Le fief de la Fortelle, recueilli par un fils de Charles, dans le partage de 1694, passa, à la fin du XVIIIème siècle, à François Cormuel de Granval qui le revendit à le Bas, comte du Plessis.
La Propriété du Chemin entra, après la Révolution dans la famille de Joinville. C'est du comte de Joinville qu'Alexandre Singer l'acquit en 1863. En 1870, les Prussiens occupèrent le château que son propriétaire avait abandonné pour aller à Versailles. A l'occasion de la proclamation de l'Empire d'Allemagne, les officiers donnèrent avec le vin d'Alexandre Singer, un grand banquet au château. Ils télégraphièrent à ce dernier (le télégramme fait partie des papiers de la famille) pour l'inviter à venir partager leur repas. Inutile de dire que Mr Singer ne se rendit pas à cette invitation. Les officiers ivres-morts, en buvant à la santé de Guillaume 1er, empereur, faillirent être écrasés par le toit d'une galerie, lequel s'écroula ce soir-là.
Mr Louis Singer, fils d'Alexandre, est actuellement propriétaire du domaine qui comprend environ un millier d'hectares dont 400 hectares de bois pour la chasse. Il y a réalisé de grands travaux en 1897. Il a fait combler les fossés, installer les eaux, dessiner le parc (environ dix hectares), restaurer l'ancienne façade, construire sur la façade opposée deux ailes en retour et établir une terrasse.

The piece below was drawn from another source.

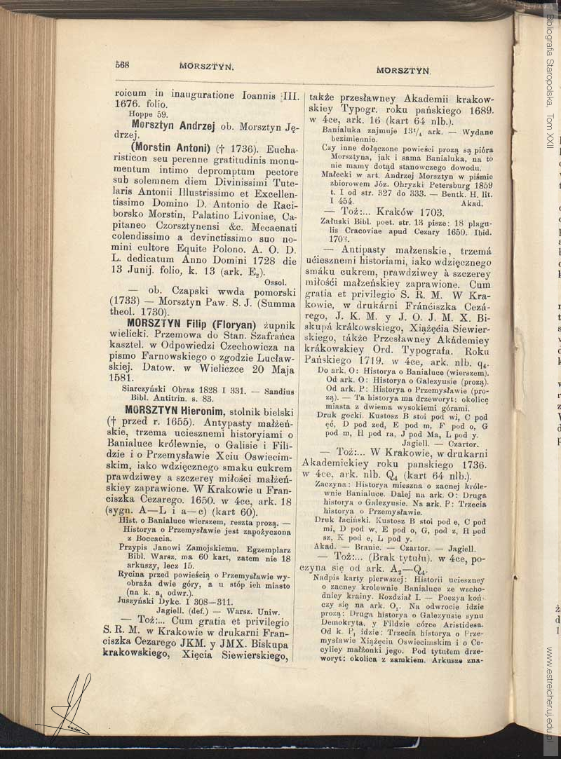 Nazwisko i imię: (Morstin Antoni) Tom zbioru ogólnego: 22 Tom serii: III 11 Stronica: 568 [otwórz stronicę w nowym oknie] << Poprzednie hasło | Następne hasło >> << Poprzednia stronica | Następna stronica >>

L'Eglise, avec une nef et un transept, a son choeur flanqué de deux latéraux qui seuls ont des piliers. Ces piliers circulaires, isolés, sont, comme la voûte à nervures aigües et à clefs, du XVème siècle. A droite et à gauche de l'entrée sont deux piliers anciens. L'Eglise a été construite en 1749 et restaurée en 1879. Cette date de 1749, inscrite à l'église, est faite pour surprendre parce que la nef est consolidée par des contreforts rectangulaires du XIIIème siècle. D'autre part, on lit la date de 1300 sur la sépulture d'un curé : "Ici gît..." jadis curé de Neufmoutier, qui trépassa l'an MCCC., le dimanche." Sa pierre est couchée dans le bas-côté gauche. Elle indique qu'en 1300 il y avait une église à Neufmoutiers. On y voit au surplus un ancien maître d'hôtel du temps de Louis XIII. La nef est voutée en berceau jusqu'à l'abside qui se termine en dôme.
En dehors des pierres tumulaires dont nous avons déjà parlé, il en existe d'autres de très intéressantes : l'une de messire Jules de Gravel, seigneur de Marly, près Metz, conseiller du roi, son envoyé extraordinaire en Suisse, décédé en 1726, fils de Robert de Gravel, ambassadeur en Suisse, mort à Soleure en 1684 ; une autre d'un conseiller du roi (1732) ; une troisième d'une femme aux mains jointes portant un blason détérioré) ; une inscription d'une bienfaiteur de l'église : François-Antoine Caron (1763-1835). Enfin à noter à gauche de la chapelle, sur un coeur en marbre blanc, une inscription relative à E.C.L. de Coucy, comtesse de Clermont, qui a son coeur dans une niche où est un coffret en bois. Une épitaphe latine y a été apposée par son mari Joseph-Claude de Clermont-Saint-Jean. Au-dessous sont les armes : partie d'argent à deux croix de sable en sautoir, partie d'argent à bande d'hermine.